You may noice a bit of growth and a couple more corals, but nothing that drastic. Main change is i had a bunch of xenia die for no apparent reason when my other corals were doing better then ever and i added a frag of frog spawn. Im hoping to add a feather duster or two and some mroe corals to fill it out a bit more


----------



## shiver905 (May 27, 2009)

I love mantis!

Looking good,

hiighhh 5!


----------



## CLUSTER ONE (Aug 2, 2006)

shiver905 said:


> I love mantis!
> 
> Looking good,
> 
> hiighhh 5!


 Thanks, I'm thinking of getting a spearer for the main tank (instead of a damesel, but i don't want a zebra that will outgrow the tank.


----------



## FEEFA (Nov 19, 2007)

Looks great sean!


----------



## Guest (May 25, 2010)

So Feefa, Have you started your tank yet?


----------



## FEEFA (Nov 19, 2007)

Not yet k I am still deciding how I will be running it and learning some more aswell.
I have been pming sean and he's been giving me soe great info to help me decide.

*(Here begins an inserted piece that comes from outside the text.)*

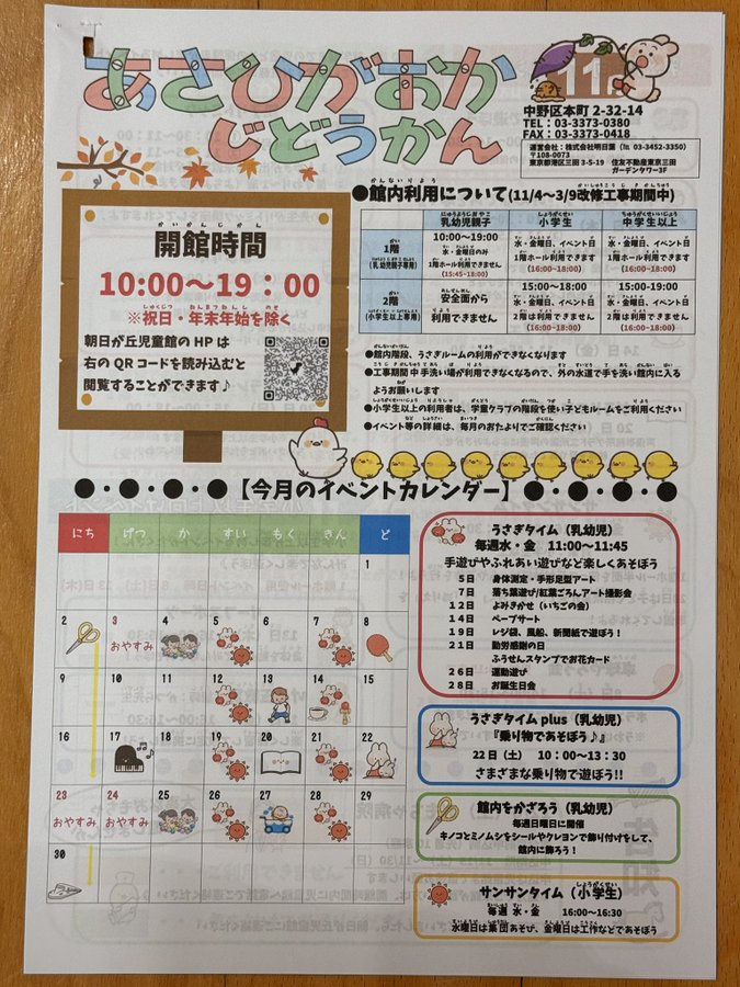 朝日が丘児童館、来週から4ヶ月間工事に入ります。使える場所や時間が少し変わるので、お気をつけください

Also its quite pricey so It will be a while yet as I'm saving and buying things on a weekly basis.


----------



## CLUSTER ONE (Aug 2, 2006)

Feefa said:


> Not yet k I am still deciding how I will be running it and learning some more aswell.
> I have been pming sean and he's been giving me soe great info to help me decide.
> 
> *Also its quite pricey so It will be a while yet as I'm saving and buying things on a weekly basis.*


 Its funny how a "cheap" sw tank could get you a fw tank multiple times larger. My tanks starting to look better as the first set of pics was only months after the tank was setup and upgraded from another tank so now i have some good coraline covering the overflow box and the rocks. Im thinking of getting another mantis shrimp too. Havn't added anything else besides a bit more rock, I might rty to get some mantis feeding pics tonight (of him eating a fillet, not live as i don't have any. He's got a much nicer green color in person that you cant see in the pics


----------



## CLUSTER ONE (Aug 2, 2006)

If sw wasn't so expensive, i probably would have all sw tanks, You don't even need fish for an interesting tank. i probably watch the crabs, pods, corals and other little critters more then the fish or mantis.


----------



## shiver905 (May 27, 2009)

This is where ur tank is!.

You sudda posted it in the Discussuion area.

Looking great.
mantis are super cool!


----------



## Piranha_man (Jan 29, 2005)

Mr. Lahey said:


> Nice. Looks quite clean and simple.
> 
> Very well done Sean!
> 
> PS -* I too like Damsels*


I like 'em when they're in distress!

But seriously... nice setup!
Very impressive when ya can pull something like this off in a 15 gallon.


----------